[SUPPLIED DATA Boundary: Start]

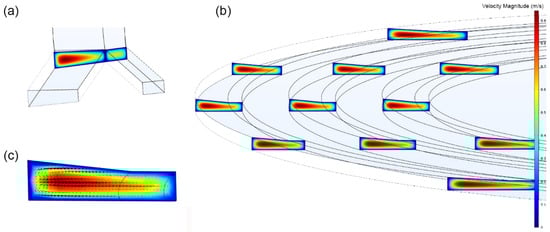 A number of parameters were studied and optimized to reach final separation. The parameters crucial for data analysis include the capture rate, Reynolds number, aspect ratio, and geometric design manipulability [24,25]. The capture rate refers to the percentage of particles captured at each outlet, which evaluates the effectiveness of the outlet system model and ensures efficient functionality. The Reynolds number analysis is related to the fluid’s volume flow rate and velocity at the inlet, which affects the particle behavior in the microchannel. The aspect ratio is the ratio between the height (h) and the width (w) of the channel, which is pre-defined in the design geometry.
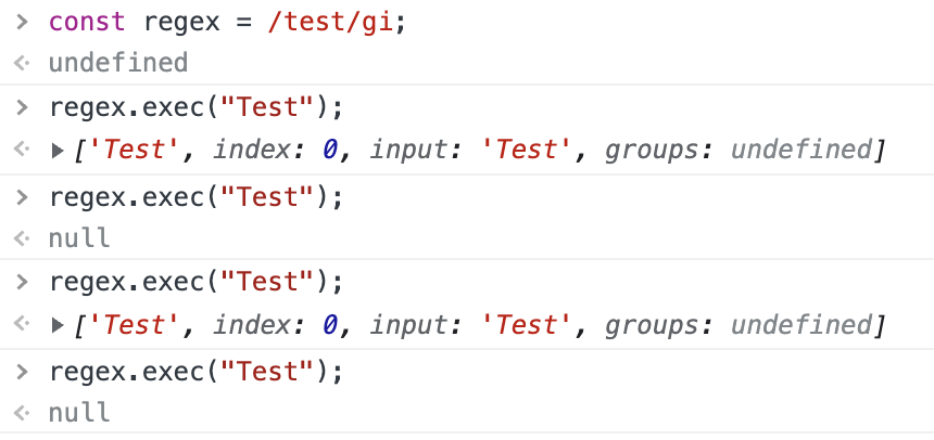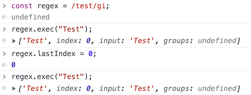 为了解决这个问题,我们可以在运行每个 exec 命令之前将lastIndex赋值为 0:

[SUPPLIED DATA Boundary: End]
[SUPPLIED DATA Boundary: Start]

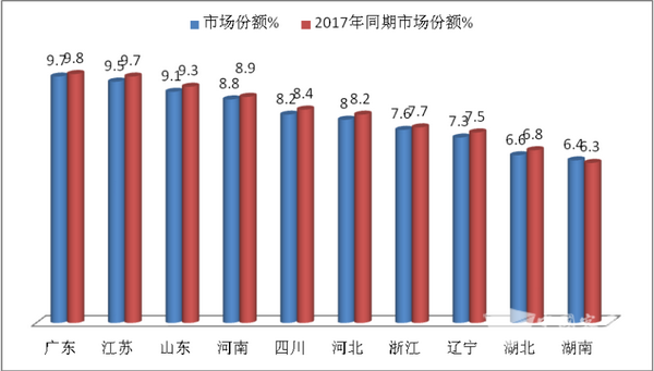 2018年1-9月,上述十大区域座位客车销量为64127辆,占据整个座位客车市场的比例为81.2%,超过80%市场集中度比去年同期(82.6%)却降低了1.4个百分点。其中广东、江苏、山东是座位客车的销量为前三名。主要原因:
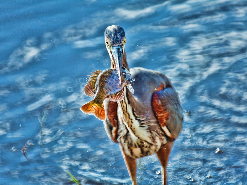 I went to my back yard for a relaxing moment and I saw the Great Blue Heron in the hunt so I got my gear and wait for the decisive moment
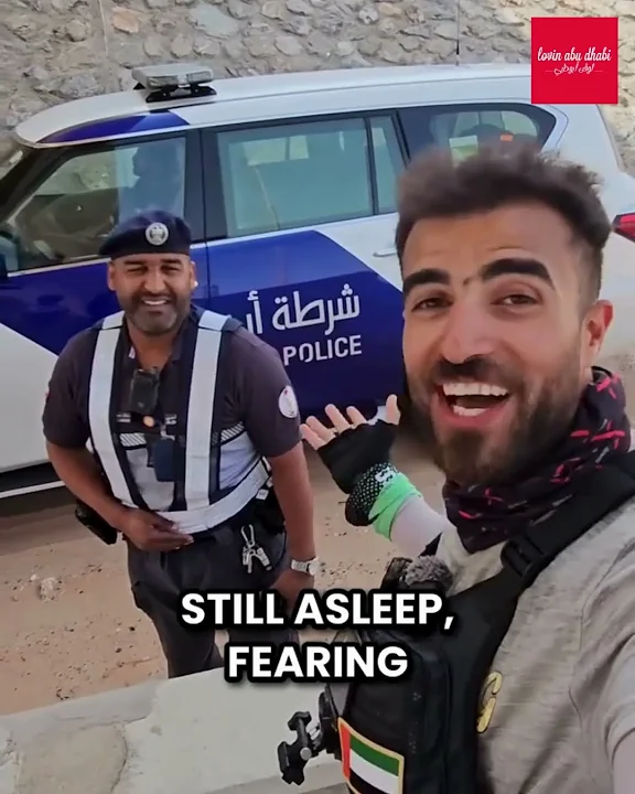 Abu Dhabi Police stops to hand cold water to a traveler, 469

[SUPPLIED DATA Boundary: End]
[SUPPLIED DATA Boundary: Start]

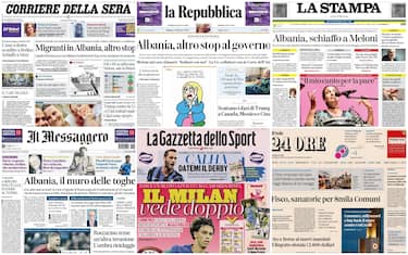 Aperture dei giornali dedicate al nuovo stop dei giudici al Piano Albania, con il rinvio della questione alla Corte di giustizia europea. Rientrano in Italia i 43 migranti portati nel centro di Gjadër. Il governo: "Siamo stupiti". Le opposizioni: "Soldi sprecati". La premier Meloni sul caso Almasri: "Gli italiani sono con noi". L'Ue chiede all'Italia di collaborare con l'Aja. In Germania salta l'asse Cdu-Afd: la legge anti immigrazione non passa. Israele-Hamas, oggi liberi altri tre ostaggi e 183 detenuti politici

[SUPPLIED DATA Boundary: End]

**DESCRIPTION OF THE TASK**:
With the pictures omitted, copy the entries above exactly from the line containing "I went to my" through the line containing "Abu Dhabi Police", both lines included.

**RESULT OF THIS EXERCISE**:
 I went to my back yard for a relaxing moment and I saw the Great Blue Heron in the hunt so I got my gear and wait for the decisive moment
 Abu Dhabi Police stops to hand cold water to a traveler, 469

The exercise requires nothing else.